It will be noted that subdivisions 3 and 4 are saving clauses or limitations upon the general language of the statute and are not express grants of power. The proviso above quoted is not new in the statute but is substantially a" re-enactment of the existing law. Subdivision 4, however, is entirely new. Prior to 1910 the carrier might issue the class of tickets referred to if it liked and fix its own price below the regular rate. By the addition of subdivision 4 an intention was shown to allow the Commission to require such tickets to issue and to regulate their price. No express grant of such power was given. There was reason to believe until the amendment of 1911, hereinafter referred to, that the issue of these reduced fare tickets mentioned was entirely optional with the carrier and the price entirely within its discretion. Even after the amendment of 1911 it was contended that a regular rate having been fixed the Legislature had not the power to require a reduced rate for service upon the same line and between the same places covered by the regular rate. In People ex rel. New York, N. H. & H. R. R. Co. v. Public Service Commission (159 App. Div. 531) we held the Legislature had such power, which decision was affirmed on the opinion of this court in 215 New York, 689. It is evident that the mileage tickets mentioned in subdivisions 3 and 4 are not the mileage books which the Railroad Law required carriers to issue. These subdivisions permit tickets to issue which otherwise would not issue but do not relate to mileage books which under the law must be issued. The mileage ticket, the excursion ticket, the commutation ticket and the other tickets referred to are special reduced fare tickets.
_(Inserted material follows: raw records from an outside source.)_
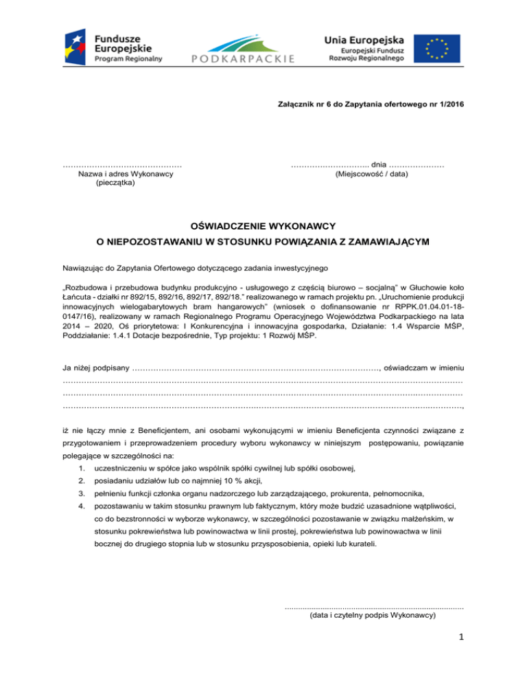 Załącznik nr 6 do Zapytania ofertowego nr 1/2016 ……………………………………… Nazwa i adres Wykonawcy (pieczątka) ………….…………….. dnia ………………… (Miejscowość / data) OŚWIADCZENIE WYKONAWCY O NIEPOZOSTAWANIU W STOSUNKU POWIĄZANIA Z ZAMAWIAJĄCYM Nawiązując do Zapytania Ofertowego dotyczącego zadania inwestycyjnego „Rozbudowa i przebudowa budynku produkcyjno - usługowego z częścią biurowo – socjalną” w Głuchowie koło Łańcuta - działki nr 892/15, 892/16, 892/17, 892/18.” realizowanego w ramach projektu pn. „Uruchomienie produkcji innowacyjnych wielogabarytowych bram hangarowych” (wniosek o dofinansowanie nr RPPK.01.04.01-180147/16), realizowany w ramach Regionalnego Programu Operacyjnego Województwa Podkarpackiego na lata 2014 – 2020, Oś priorytetowa: I Konkurencyjna i innowacyjna gospodarka, Działanie: 1.4 Wsparcie MŚP, Poddziałanie: 1.4.1 Dotacje bezpośrednie, Typ projektu: 1 Rozwój MŚP. Ja niżej podpisany …………………………………………………………………………………, oświadczam w imieniu ……………………………………………………………………………….…………………………………………………… …………………………………………………………………………………………………………………….……………… ……………………………………………………………….…………….…………………………………………..…………, iż nie łączy mnie z Beneficjentem, ani osobami wykonującymi w imieniu Beneficjenta czynności związane z przygotowaniem i przeprowadzeniem procedury wyboru wykonawcy w niniejszym postępowaniu, powiązanie polegające w szczególności na: 1. uczestniczeniu w spółce jako wspólnik spółki cywilnej lub spółki osobowej, 2. posiadaniu udziałów lub co najmniej 10 % akcji, 3. pełnieniu funkcji członka organu nadzorczego lub zarządzającego, prokurenta, pełnomocnika, 4. pozostawaniu w takim stosunku prawnym lub faktycznym, który może budzić uzasadnione wątpliwości, co do bezstronności w wyborze wykonawcy, w szczególności pozostawanie w związku małżeńskim, w stosunku pokrewieństwa lub powinowactwa w linii prostej, pokrewieństwa lub powinowactwa w linii bocznej do drugiego stopnia lub w stosunku przysposobienia, opieki lub kurateli. ................................................................................. (data i czytelny podpis Wykonawcy) 1
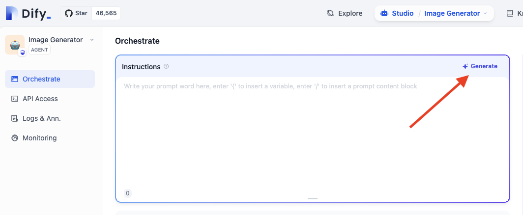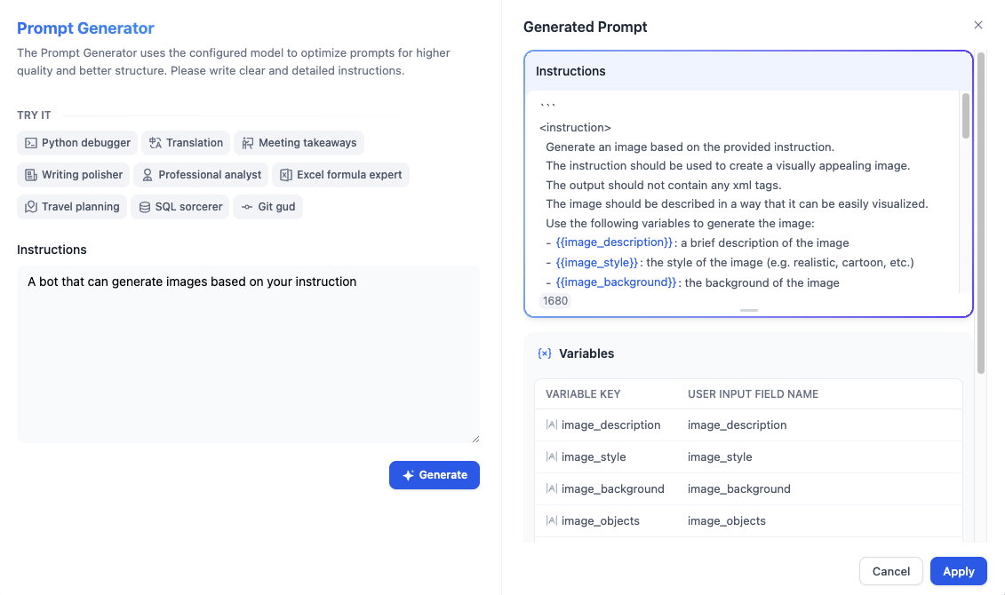 Enter your requirements in the Instructions and click Generate. The generated prompts on the right will show AI-generated prompts.
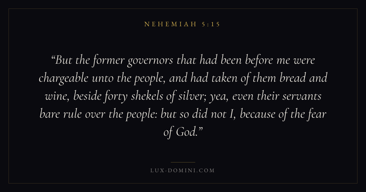 But the former governors that had been before me were chargeable unto the people, and had taken of them bread and wine, beside forty shekels of silver; yea, even their servants bare rule over the people: but so did not I, because of the fear of God.
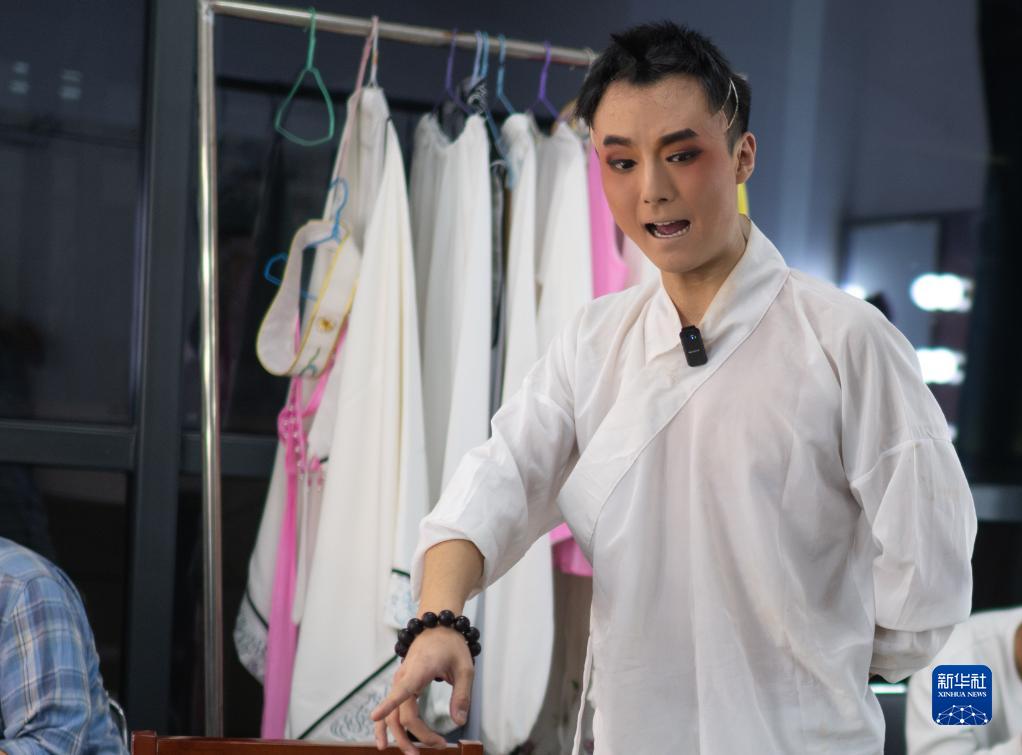 10月28日,黃梅戲演員李洋在化粧間開嗓練聲。

By section 49, entitled “ Rates and service to be fixed by the Commission,” power was given to the Commission in the 1st sentence thereof to regulate rates generally. After providing
It seemed to me that the last paragraph quoted was so inconsistent with the remainder of the sentence that it should be disregarded as surplusage or that we should construe it as if the word “different” or “another” was found in place of the word “higher.” The word “higher ” appeared to be so out of keeping with the rest of the sentence quoted that it did not seem to carry with it the actual legislative intent. But, upon a feargument of this case, counsel have given the history of this part of the section and the manner in which it was formed while passing through the Legislature, and it now appears that the legislative intent was that the paragraph should have just the effect which the words ordinarily imply, and that by the use of the paragraph quoted it intended to permit the reduction of a statutory rate, but not to allow the Commission to increase a rate which the Legislature had itself fixed. When this section first appeared before the Legislature in 1909 we find the paragraph to read “notwithstanding that another or different rate, fare or charge has been authorized by statute.” The words “another or different” were stricken out and the words “a higher” substituted for a purpose, and the discussions before the committees make it clear that the purpose was to prevent the increase pf a statutory rate.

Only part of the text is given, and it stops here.